Task to complete – There is one span to output from the data below: the lines starting at the line with "Vendita all'asta Senza" and ending at the line with "Pulsera Tennis piramidal". Output it exactly, ends included, nothing more.

Records supplied –
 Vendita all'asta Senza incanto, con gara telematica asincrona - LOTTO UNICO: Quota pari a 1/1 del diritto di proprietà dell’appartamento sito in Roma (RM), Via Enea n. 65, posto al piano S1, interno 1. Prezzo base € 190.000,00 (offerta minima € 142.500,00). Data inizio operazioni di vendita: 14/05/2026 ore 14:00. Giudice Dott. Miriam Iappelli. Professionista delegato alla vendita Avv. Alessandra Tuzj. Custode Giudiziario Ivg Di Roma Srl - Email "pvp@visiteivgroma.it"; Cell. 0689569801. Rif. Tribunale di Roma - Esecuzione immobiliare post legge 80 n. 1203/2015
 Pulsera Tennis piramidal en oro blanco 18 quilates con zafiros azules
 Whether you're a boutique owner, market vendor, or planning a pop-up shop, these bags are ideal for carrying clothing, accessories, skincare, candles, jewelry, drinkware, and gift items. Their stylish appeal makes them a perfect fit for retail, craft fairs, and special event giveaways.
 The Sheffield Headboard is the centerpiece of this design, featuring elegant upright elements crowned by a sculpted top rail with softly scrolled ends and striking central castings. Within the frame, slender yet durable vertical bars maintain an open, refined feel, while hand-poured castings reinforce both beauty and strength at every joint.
...
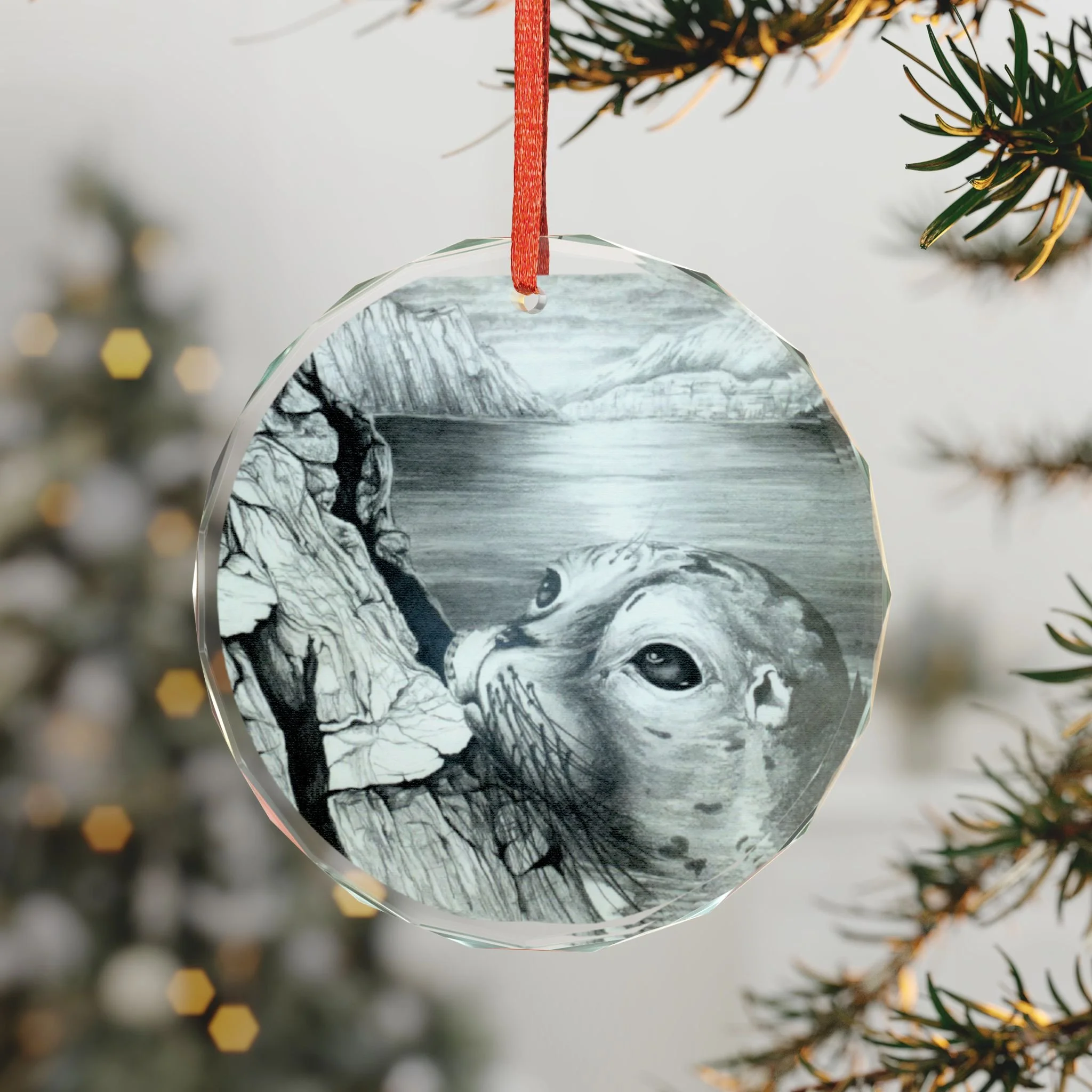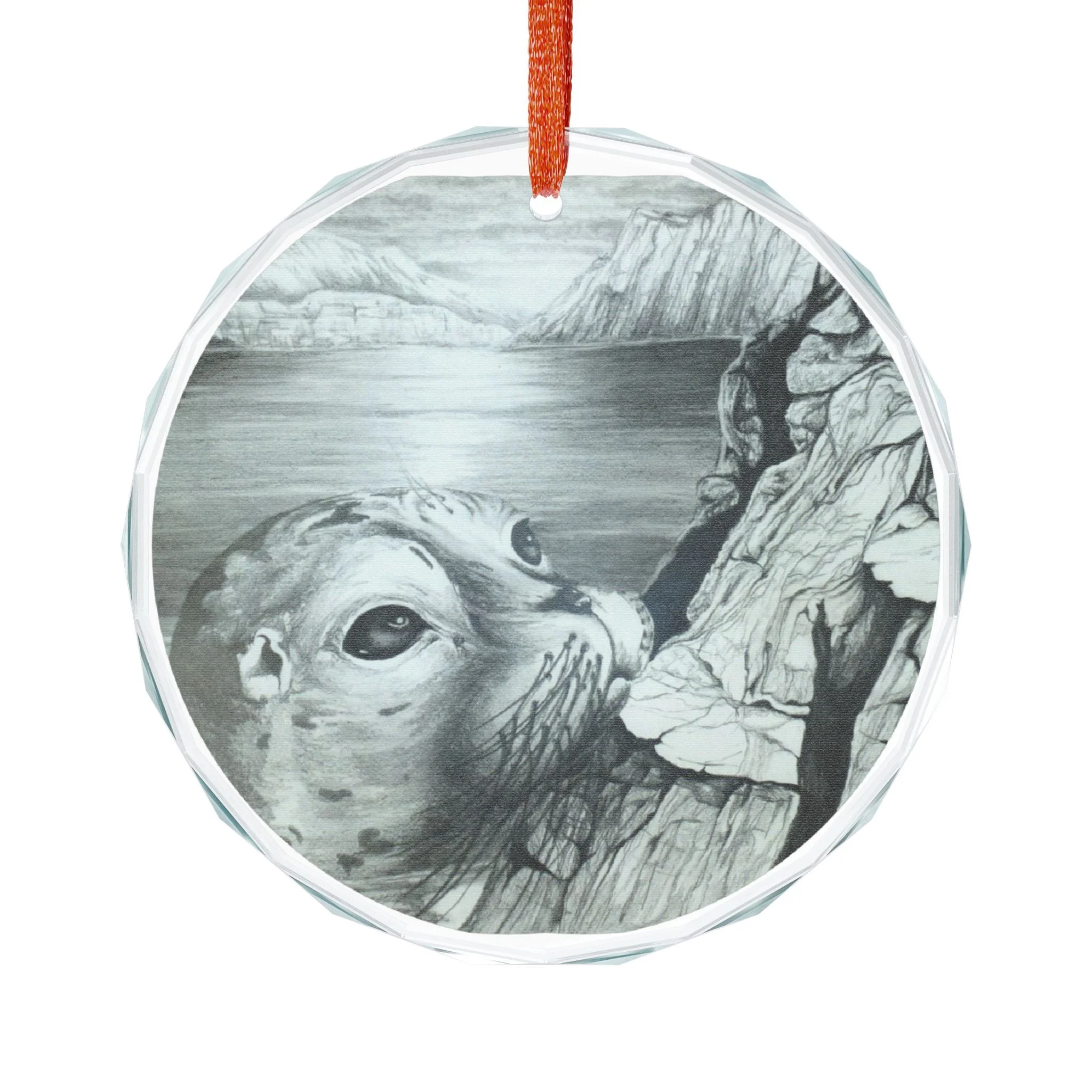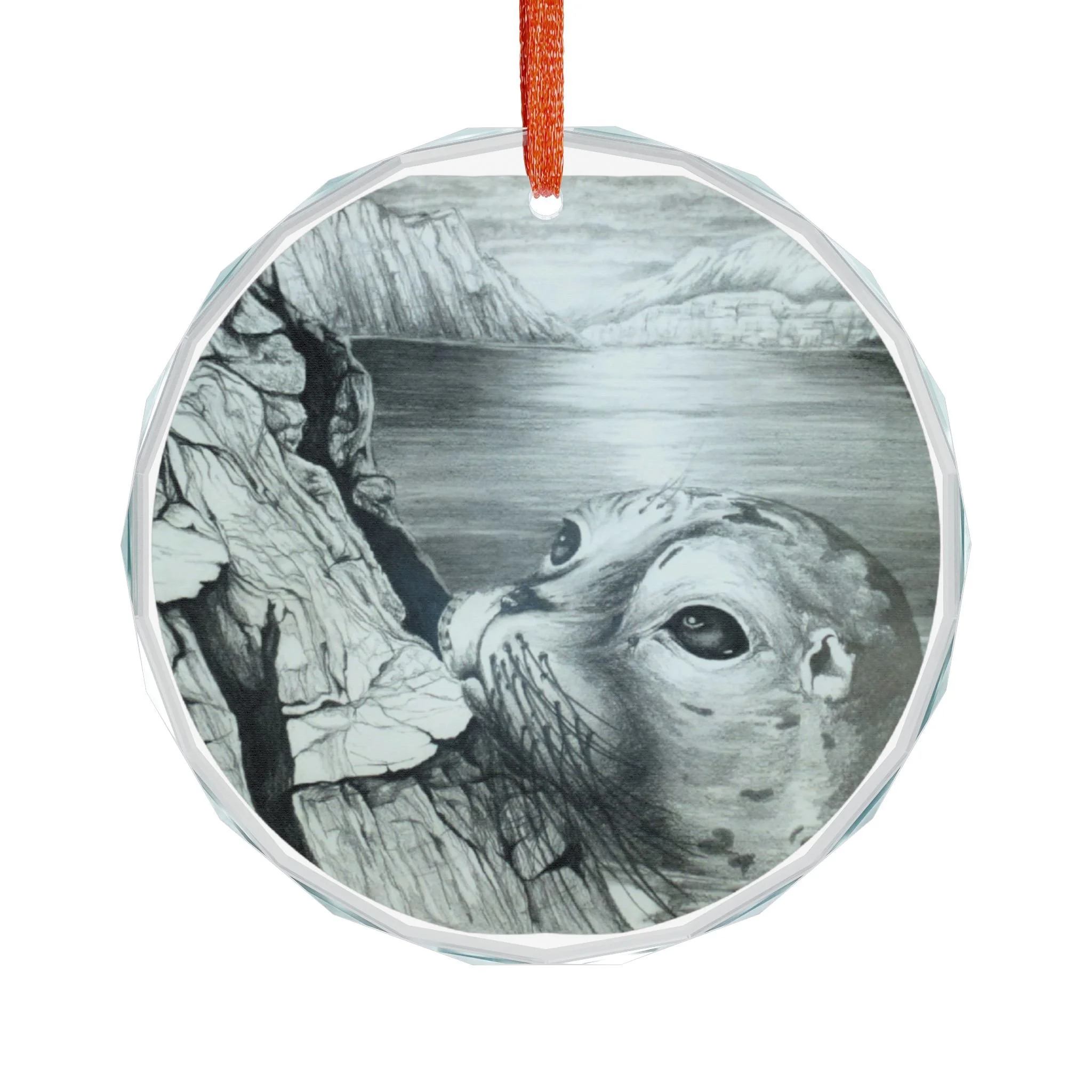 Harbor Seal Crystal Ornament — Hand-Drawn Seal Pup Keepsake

Answer below –
 Vendita all'asta Senza incanto, con gara telematica asincrona - LOTTO UNICO: Quota pari a 1/1 del diritto di proprietà dell’appartamento sito in Roma (RM), Via Enea n. 65, posto al piano S1, interno 1. Prezzo base € 190.000,00 (offerta minima € 142.500,00). Data inizio operazioni di vendita: 14/05/2026 ore 14:00. Giudice Dott. Miriam Iappelli. Professionista delegato alla vendita Avv. Alessandra Tuzj. Custode Giudiziario Ivg Di Roma Srl - Email "pvp@visiteivgroma.it"; Cell. 0689569801. Rif. Tribunale di Roma - Esecuzione immobiliare post legge 80 n. 1203/2015
 Pulsera Tennis piramidal en oro blanco 18 quilates con zafiros azules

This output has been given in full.